Library Architecture

This document explains the internal architecture of mcp-data-platform for developers building custom MCP servers or extending the platform.


Design Principles

Before diving into components, understand the design decisions:

  1. Composition over inheritance: Components are composed via interfaces, not class hierarchies
  2. Fail-closed security: Every security check defaults to deny
  3. Provider abstraction: External services accessed through provider interfaces
  4. Middleware chain: Cross-cutting concerns handled as composable middleware
  5. Toolkit encapsulation: Each data source wrapped in a toolkit with consistent interface

System Overview

graph TB
    subgraph "External"
        MCP[MCP Client<br/>Claude Desktop/Code]
    end

    subgraph "Platform Core"
        Server[MCP Server]

        subgraph "Security Layer"
            Auth[Auth Middleware]
            Persona[Persona Middleware]
            Authz[Authz Middleware]
        end

        subgraph "Business Logic"
            TR[Toolkit Registry]
            subgraph Toolkits
                Trino[Trino Toolkit]
                DataHub[DataHub Toolkit]
                S3[S3 Toolkit]
            end
        end

        subgraph "Enhancement Layer"
            Enrichment[Enrichment Middleware]
            subgraph Providers
                Semantic[Semantic Provider]
                Query[Query Provider]
                Storage[Storage Provider]
            end
        end

        subgraph "Observability"
            Audit[Audit Middleware]
        end
    end

    subgraph "External Services"
        TrinoSvc[(Trino)]
        DataHubSvc[(DataHub)]
        S3Svc[(S3)]
        DB[(PostgreSQL)]
    end

    MCP --> Server
    Server --> Auth
    Auth --> Persona
    Persona --> Authz
    Authz --> TR
    TR --> Trino
    TR --> DataHub
    TR --> S3
    Trino --> Enrichment
    DataHub --> Enrichment
    S3 --> Enrichment
    Enrichment --> Semantic
    Enrichment --> Query
    Enrichment --> Storage
    Enrichment --> Audit
    Audit --> MCP

    Trino -.-> TrinoSvc
    DataHub -.-> DataHubSvc
    S3 -.-> S3Svc
    Semantic -.-> DataHubSvc
    Query -.-> TrinoSvc
    Storage -.-> S3Svc
    Audit -.-> DB

Request Flow

A tool call flows through multiple stages.

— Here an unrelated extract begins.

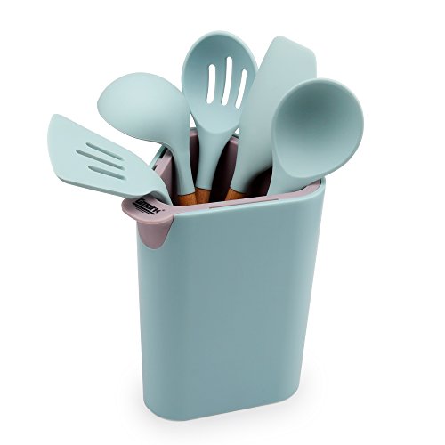 -. Feature : Comes in a total of 5 kitchen tools: Soup Ladle, Solid Spoon, Skimmer, Slotted Turner and Slotted Spoon. / Also includes a smart and chic designed tools holder that involves 2 separable compartments, which when combined together, gives you 5 knife slots all around, fitting different knifes ranging from cook knife to filet knife to bread knife, even down to small fruit peeler knife. / Tools set are made of high quality wood handle plus a silicone head with nylon insert. Definitely feels luxurious and expensive, durable at the same time. / FDA approved Silicone. / A strikingly eye-catching color combination of Mint, Grey and Mauve, adds a hint of subtle beauty in your kitchen. Perfect for your beloved ones, friends and families, colleagues and acquaintance; for special events such as house warming, Thanksgiving, Christmas and even Weddings!

Understanding this flow is essential for debugging and extension.

sequenceDiagram
    participant C as MCP Client
    participant S as MCP Server
    participant A as Auth MW
    participant P as Persona MW
    participant Z as Authz MW
    participant R as Registry
    participant T as Toolkit
    participant E as Enrichment MW
    participant U as Audit MW

    C->>S: CallToolRequest
    S->>A: Process request

    Note over A: Extract credentials<br/>Validate token/key

    A->>P: Authenticated request

    Note over P: Map roles to persona<br/>Load tool filters

    P->>Z: Request + Persona

    Note over Z: Check tool allowed<br/>for this persona

    Z->>R: Authorized request
    R->>T: Route to toolkit

    Note over T: Execute tool logic<br/>(query, search, etc.)

    T-->>E: Tool result
    E->>E: Fetch semantic context
    E->>E: Append to result

    E-->>U: Enriched result
    U->>U: Log async

    U-->>C: Final response

Stage Details

Stage Responsibility Failure Behavior
Auth Validate credentials 401 Unauthorized
Persona Map user to persona Use default persona
Authz Check tool permission 403 Forbidden
Registry Route to toolkit 404 Tool not found
Toolkit Execute operation Toolkit-specific error
Enrichment Add semantic context Return unenriched result
Audit Log the request Log error, continue

Core Components

Platform

The Platform struct is the main orchestrator and entry point:

type Platform struct {
    mcpServer        *mcp.Server
    config           *Config
    toolkitRegistry  *registry.Registry
    authenticator    middleware.Authenticator
    authorizer       middleware.Authorizer
    auditLogger      middleware.AuditLogger
    semanticProvider semantic.Provider
    queryProvider    query.Provider
    storageProvider  storage.Provider
    closers          []io.Closer
}

Key responsibilities:

  1. Load and validate configuration
  2. Initialize providers and toolkits
  3. Register MCP protocol-level middleware
  4. Register tools with the MCP server
  5. Manage lifecycle (startup, shutdown)

Creating a platform:

// From configuration file
cfg, err := platform.LoadConfig("platform.yaml")
if err != nil {
    log.Fatal(err)
}
p, err := platform.New(platform.WithConfig(cfg))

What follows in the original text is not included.